TRIM: Hybrid Inference via Targeted Stepwise Routing in Multi-Step Reasoning Tasks

Multi-step reasoning tasks like mathematical problem solving are vulnerable to cascading failures, where a single incorrect step leads to complete solution breakdown. Current LLM routing methods assign entire queries to one model, treating all reasoning steps as equal. We propose TRIM (Targeted routing in multi-step reasoning tasks), which routes only critical steps$\unicode{x2013}$those likely to derail the solution$\unicode{x2013}$to larger models while letting smaller models handle routine continuations. Our key insight is that targeted step-level interventions can fundamentally transform inference efficiency by confining expensive calls to precisely those steps where stronger models prevent cascading errors. TRIM operates at the step-level: it uses process reward models to identify erroneous steps and makes routing decisions based on step-level uncertainty and budget constraints. We develop several routing strategies within TRIM, ranging from a simple threshold-based policy to more expressive policies that reason about long-horizon accuracy-cost trade-offs and uncertainty in step-level correctness estimates. On MATH-500, even the simplest thresholding strategy surpasses prior routing methods with 5x higher cost efficiency, while more advanced policies match the strong, expensive model's performance using 80% fewer expensive model tokens. On harder benchmarks such as AIME, TRIM achieves up to 6x higher cost efficiency. All methods generalize effectively across math reasoning tasks, demonstrating that step-level difficulty represents fundamental characteristics of reasoning.

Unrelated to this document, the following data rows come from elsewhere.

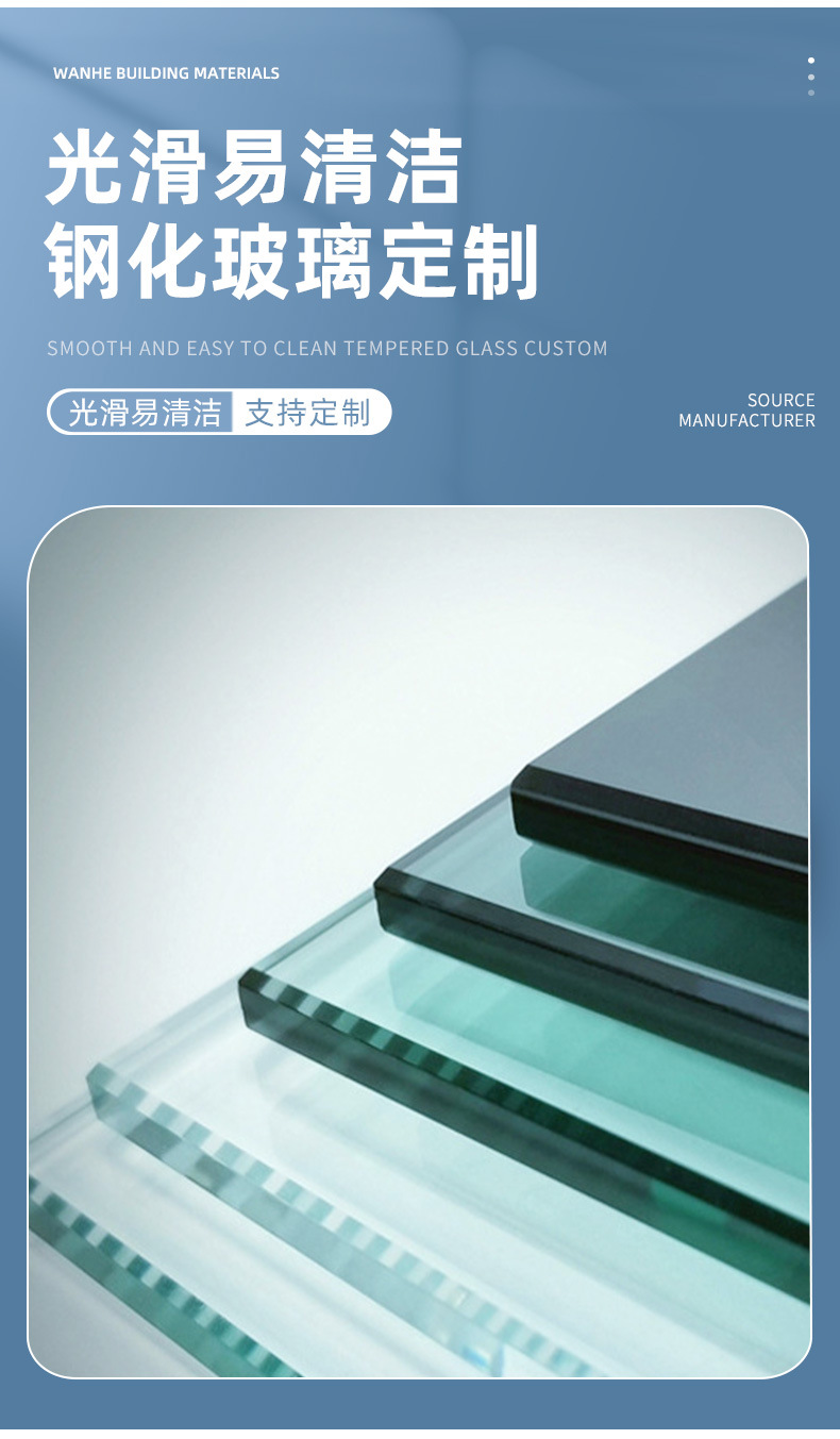 強化ガラスカスタムメーカー直接販売建物強化透明ガラス家具建物強化ガラス卸売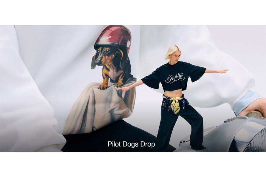 Protagonista è il Bassotto, mascotte ironica e inclusiva, protagonista di t-shirt, felpe e camicie con grafiche pop, oltre a un esclusivo jeans wide-leg con incisioni laserate bianche. I Pilot Dogs animano anche stampe all-over effetto second skin, creando una narrazione corale e giocosa.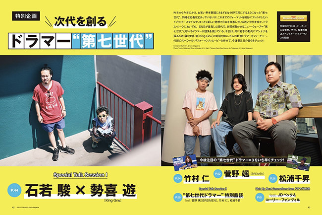 昨年から今年にかけて、お笑い界を筆頭にさまざまな分野で耳にするようになった"第七世代"というワード。明確な定義は定まっていないが、まったく新しい発想で日本を席巻している若い世代を指す。ドラム・シーンにおいても世間を驚かせるニュー・ウェーブ="第七世代"と呼べるドラマーが頭角を現している。今回の特別企画では共に若手の動向にアンテナを張る石若 駿×勢喜 遊[King Gnu]のスペシャル対談を軸に、菅野颯[BREIMEN]、竹村仁、松浦千昇という3人の新進ドラマーをフィーチャー。付録のDLカードからは、次代を担う彼らのスペシャル・パフォーマンス映像がダウンロードできます!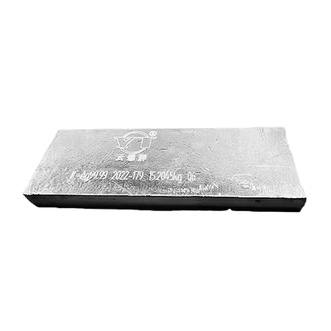 产品简介:铸造性能好,可以压铸形状复杂,主要用于制造玩具、餐具、锁具、五金装饰件、电气与电子铸件、浴室配件、汽车零配件、拉链、金属扣、表壳、风扇、生活用品、家用电器、照相器材、音响、机电产品及零件等。执行标准:GB/T 8738-2014品种规格:ZnAl4、ZnAl3.7观呈长方梯形,规格尺寸为450*100*50mm左右,锭重9~10kg,每捆100锭,采用塑钢带捆扎,净重约为900~1000kg。年产量:5万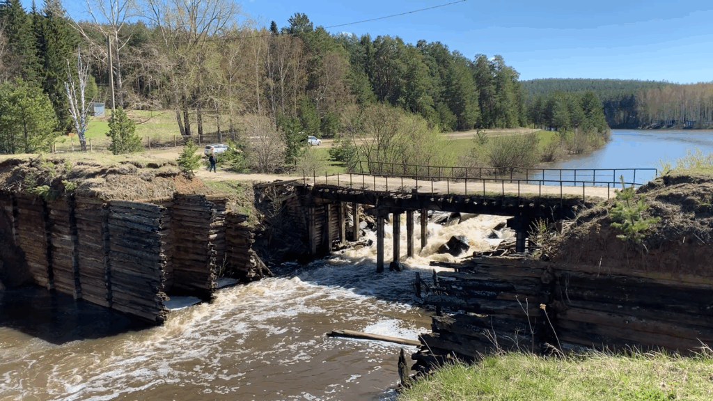 Дорога, для которой добывался щебень пролегает через реку Ревду и через лес. Со стороны реки дорога проходит рядом с разрушенной деревянной плотиной и аварийным мостом, по которому опасно пускать тяжелые КАМАЗы. Весной 2024 года отсыпанную дорогу размыло во время паводка.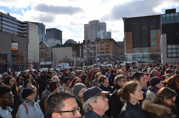 Hier, 16 novembre 2015, avait lieu un rassemblement Place des Arts, initié  par Marc Blondeau, président-directeur général de la Place des Art. Des membres de la communauté artistique et les nombreux participants ont pu par leur présence afficher leur soutien à la France suite aux attaques qui ont frappé Paris vendredi dernier. Ces actes de barbaries ont touché des lieux de loisirs, de détente et de culture de la ville lumière.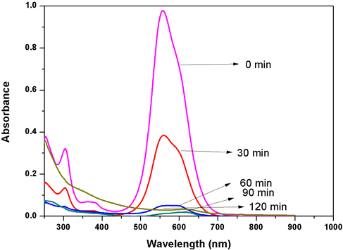 The photocatalytic activity of the green synthesized copper nanoparticles was evaluated by using the aqueous solution of an acid blue dye. It was performed by the addition of CuNPs to 10 ml of the dye solution, and the suspension was subjected to irradiation under sunlight. The aqueous suspension was magnetically stirred throughout the experiment. At different time intervals an aliquot was removed, the absorption spectra was recorded, and the rate of decolourization was determined in terms of change in intensity at λmax of the dyes. The decolourization efficiency % has been calculated as
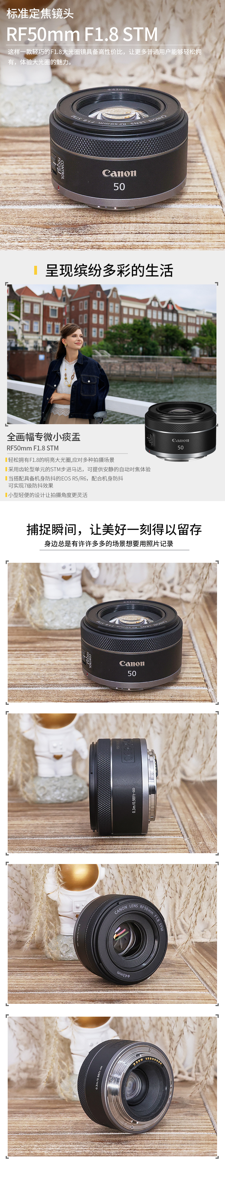佳能RF50mm F1.8 STM标准定焦镜头EOS R RP R5 R6人像大光圈镜头rf50 1.8全画幅专微小痰盂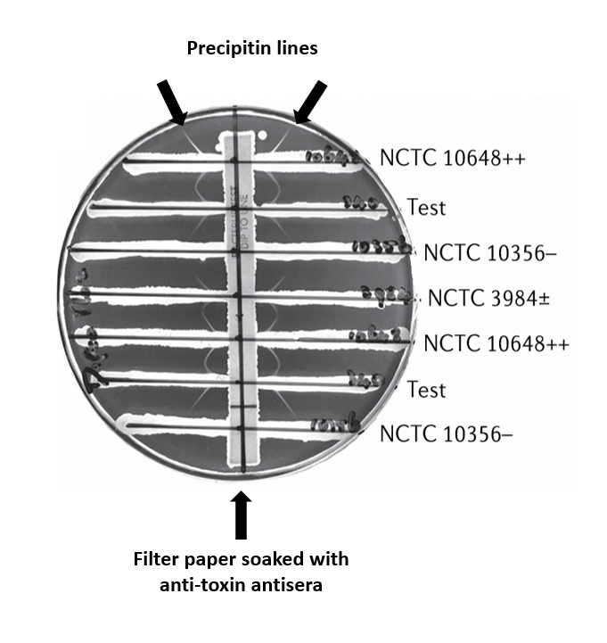 Recovery of C. diphtheriae in the routine setting is challenging as the organism morphologically resembles other coryneform rods usually representative of flora in cutaneous and respiratory specimens. While selective and differential medias are available (i.e. Cystine Tellurite Blood Agar or Tinsdale medium), they are not used routinely due to low incidence. As both toxigenic and non-toxigenic strains of C. diphtheriae circulate, this isolate was referred to the CDC’s Pertussis and Diphtheria laboratory for additional typing and toxin analysis. The organism was determined to belong to the mitis biotype and was positive for the tox gene by PCR. Toxin gene expression was then evaluated by the Elek Immunodiffusion test (Image 3). In this classical method, a filter paper strip saturated with anti-toxin is placed perpendicular to control and test strains of the organism on non-selective media. If the organism expresses diphtheria toxin, the toxin and the antisera form a complex and precipitate from solution. This phenomenon is visualized as precipitin lines in the agar after 24 hours of incubation at 37°C.4 Despite tox gene PCR-positivity, the Elek Immunodiffusion test revealed that this patient’s isolate did not express diphtheria toxin. Thus, this C. diphtheriae isolate was a representative example of a NTTB strain.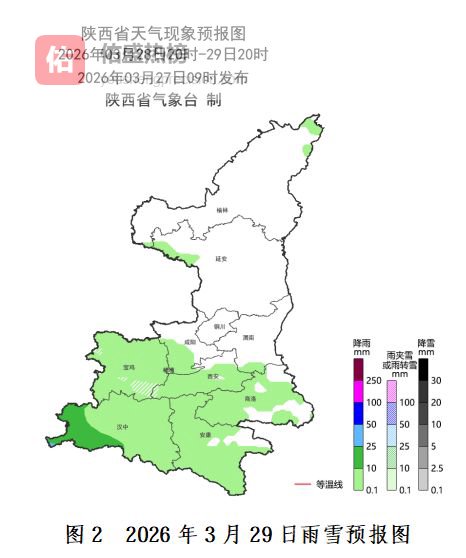 3月29日:关中西部、陕南大部有小雨(0~10毫米),其中陕南西部局地有中雨(10~20毫米),宝鸡西部局地、秦岭山区西段部分地方有雨夹雪或小到中雪(0~5毫米)(图2)。日平均气温关中西部、陕南西部下降4℃左右。陕北西部及北部部分地方有霜冻(图4)。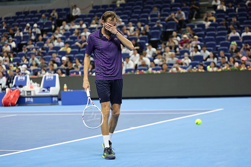 Во второй партии при счете 5:4 в пользу соперника Медведеву пришлось вызывать врача на корт из-за судорог. Он смог продолжить встречу, но сет остался за Тьеном - 7:5.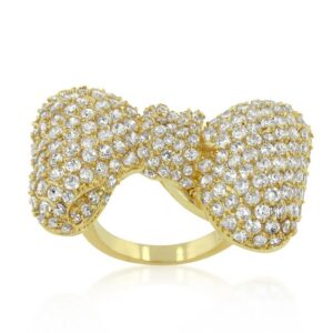 This sparkling pave cubic zirconia ring resembles a classy golden bow tie. 18k plated gold is achieved using an electroplating process that coats the item with heavy layers of 18k Yellow Gold and color-treated to display a perfect 14k Hamilton gold color.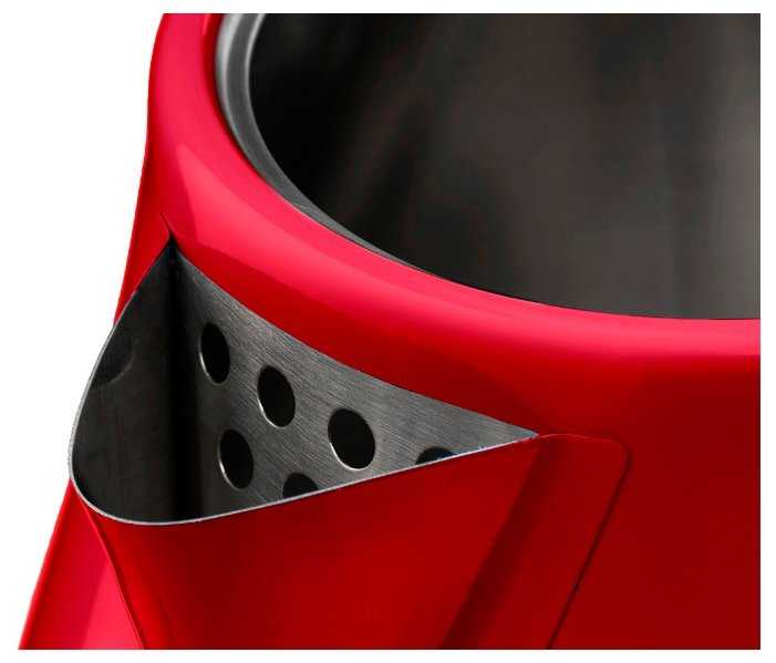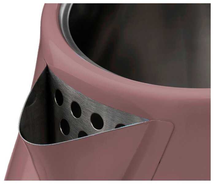 Полоска уровня воды расположена сзади и заслонена ручкой, что-либо разглядеть почти невозможно. Вместо синтетического фильтра от накипи просто дырочки в металле корпуса.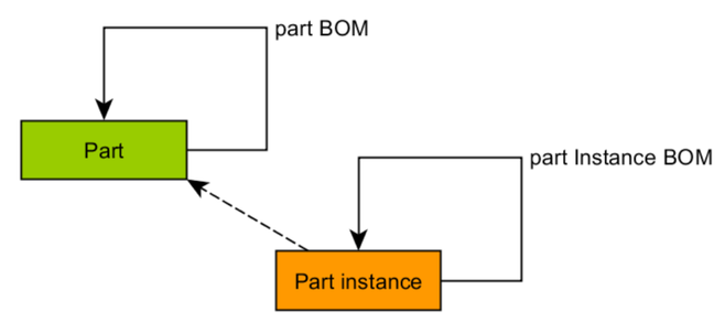 Then you need to create an instance of a part BOM, the relationship between two parts. In the data model I called this link "InstancedPartBOM".

翻译：在数学问题求解等多步推理任务中，单个错误步骤可能导致整个解决方案崩溃，即级联失效问题。现有的大型语言模型路由方法将整个查询分配给单一模型，将所有推理步骤视为同等重要。本文提出TRIM（多步推理任务中的目标路由），该方法仅将关键步骤——即可能导致解决方案偏离的步骤——路由至大型模型，而让较小模型处理常规延续步骤。我们的核心洞见在于：通过将高成本调用严格限制在那些需要更强模型以防止级联错误的关键步骤上，目标化的步骤级干预能够从根本上改变推理效率。TRIM在步骤级别运行：它使用过程奖励模型识别错误步骤，并基于步骤级不确定性及预算约束做出路由决策。我们在TRIM框架内开发了多种路由策略，从简单的基于阈值的策略，到能够权衡长时域精度-成本关系并考虑步骤级正确性估计不确定性的更具表达力的策略。在MATH-500数据集上，即使最简单的阈值策略也以5倍更高的成本效率超越了现有路由方法；而更先进的策略仅需使用20%的高成本模型令牌即可达到强大但昂贵模型的性能水平。在AIME等更难的数据集上，TRIM实现了高达6倍的成本效率提升。所有方法在数学推理任务中均展现出良好的泛化能力，证明步骤级难度反映了推理任务的根本特性。